Dermot is responsible for that and can talk more about that in the breaks if you wanna know, if you wanna hear more detail. We feel that we're making solid progress in that respect, and we look to continue to do that. We wanted to give an update on the very tough subject at the moment. We all feel extremely sad around what's going on in the Ukraine and Russia. We wanted to provide you with an update on that. Of course, as you'd expect, our focus is very much on our employees, the safety of those people and making sure that they remain safe. We're helping them to you know to move out of the country if that's what they wish to do.

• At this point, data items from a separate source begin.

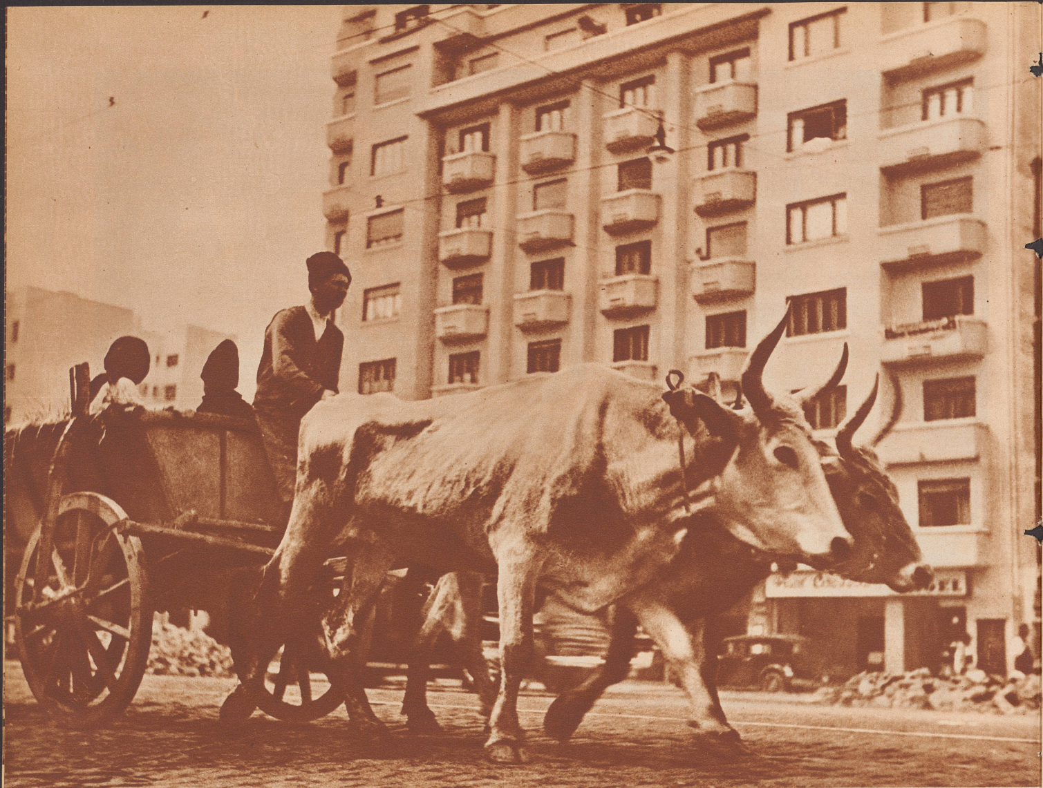
Von den Dörfern der Umgebung bringen die Bauern zumeist selber die Erzeugnisse eines fruchtbaren Bodens in die Hauptstadt. So sieht man denn jeden Morgen schwerfällige Ochsespanne vor nicht minder schwerfälligen Bennewagen gemächlichen Schrittes der Piata Mare (großer Platz), dem Bukarester Zentralmarkt zutrotten.
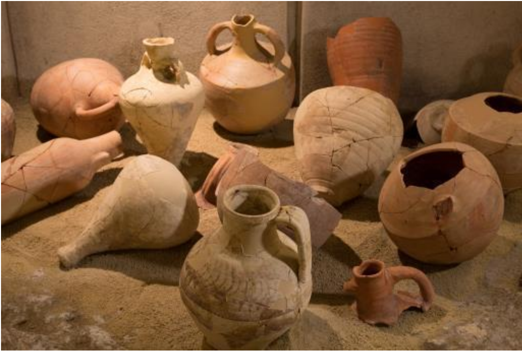
Fig. 2 - Ánforas y jarras restauradas: en primer plano se observa una jarra en cerámica flameada
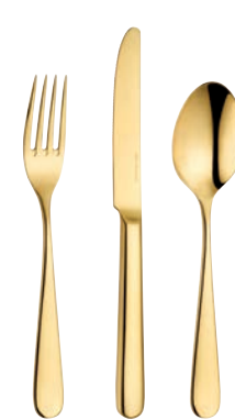
Gold (poliert) Gold (polished)

LAGERHALTIG sofort lieferbar VPE 12 Stück. ON STOCK immediately available unit 12 pieces
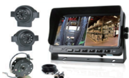
| 지게차 충돌예방설비 |
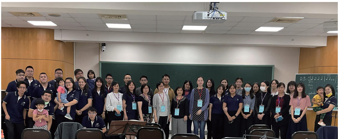
指揮研習營大合照
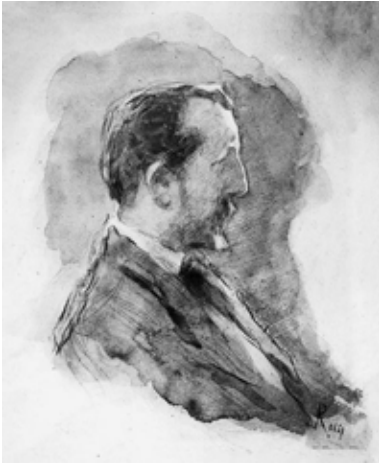
Luigi Rossi Autoportrait Milano 1900
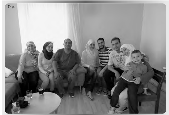
Die Flüchtlingsfamilie in ihrem neuen Zuhause
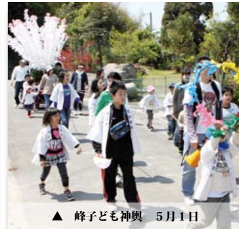
▲ 峰子ども神輿 5月1日
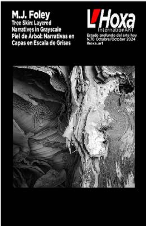
Cover N.70 October 2024

Graphic Design LFQ Follow us on the web archive: lhoxa.art All rights reserved
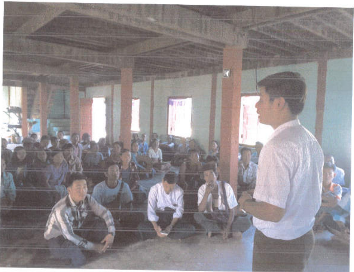
ကျောက်မီးကုကျေးရွာ အစည်းအဝေးမှတ်တမ်းဓာတ်ပုံများ
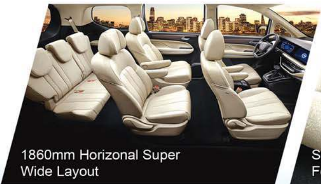
1860mm Horizontal Super Wide Layout
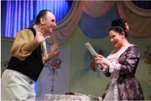
Беда от нежного сердца
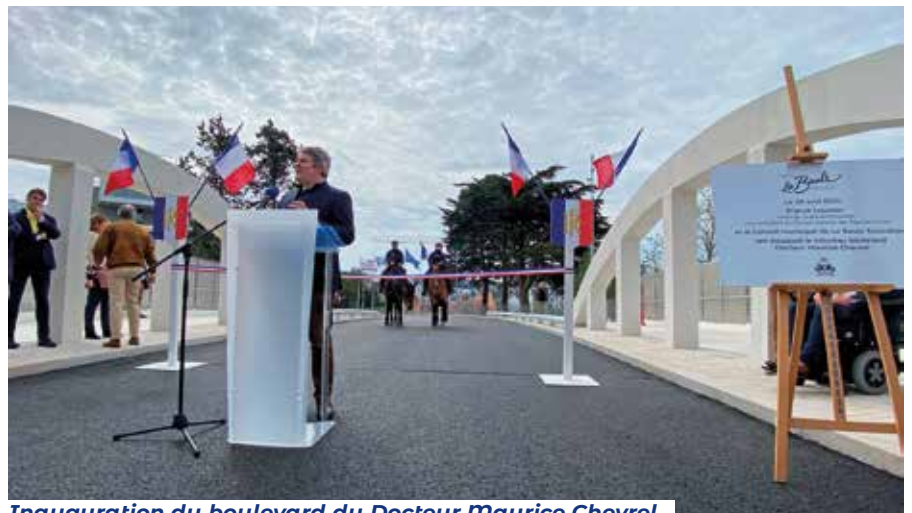
Inauguration du boulevard du Docteur Maurice Chevrel.

We also have, of course, obligations to patients in both these countries, in Russia and in Ukraine. Ukraine being particularly important at the moment because of the disruption that's happening there. We have significant disruption to our customer studies there. We have around 2% of our people in both those countries. It's not a huge part of our business, but it's a very significant part of our business in terms of our patient recruitment. It's, of course, from a humanitarian point of view, we're most anxious to make sure that our employees are kept safe. We've been able to help them in a number of ways, whether it be through accommodation, early payment of salaries. We have set up a fund to...
that we made available to help with relocation and those sort of incidental costs. You know, we've had a number of employees be redeployed because there's not much work going on in Ukraine at the moment. We've been able to redeploy some of those people. We continue to do that. We continue to be open-minded on that. We haven't made any long-term decisions about what we're doing in Russia. We have obviously obligations on clinical trials, which will tend to go out for several years in many cases. We absolutely have to fulfill those. We have paused any recruitment of new patients. We stopped any initiation of new sites or any placing of new work in either country at the moment.
It's on pause. We're in maintenance mode. We're trying to move forward in a way that keeps patients safe, that tries to get drug to those patients. As you can appreciate, we have some significant challenges, particularly in the Ukraine at the moment with what's going on. Again, happy to take questions on that in the Q&A session. Just to focus in a little bit on where we're going in the longer term and what we wanna be and where we wanna go. You know, I certainly see an increased opportunity for us to connect the patient. I mean that as an industry, but I particularly mean it as ICON.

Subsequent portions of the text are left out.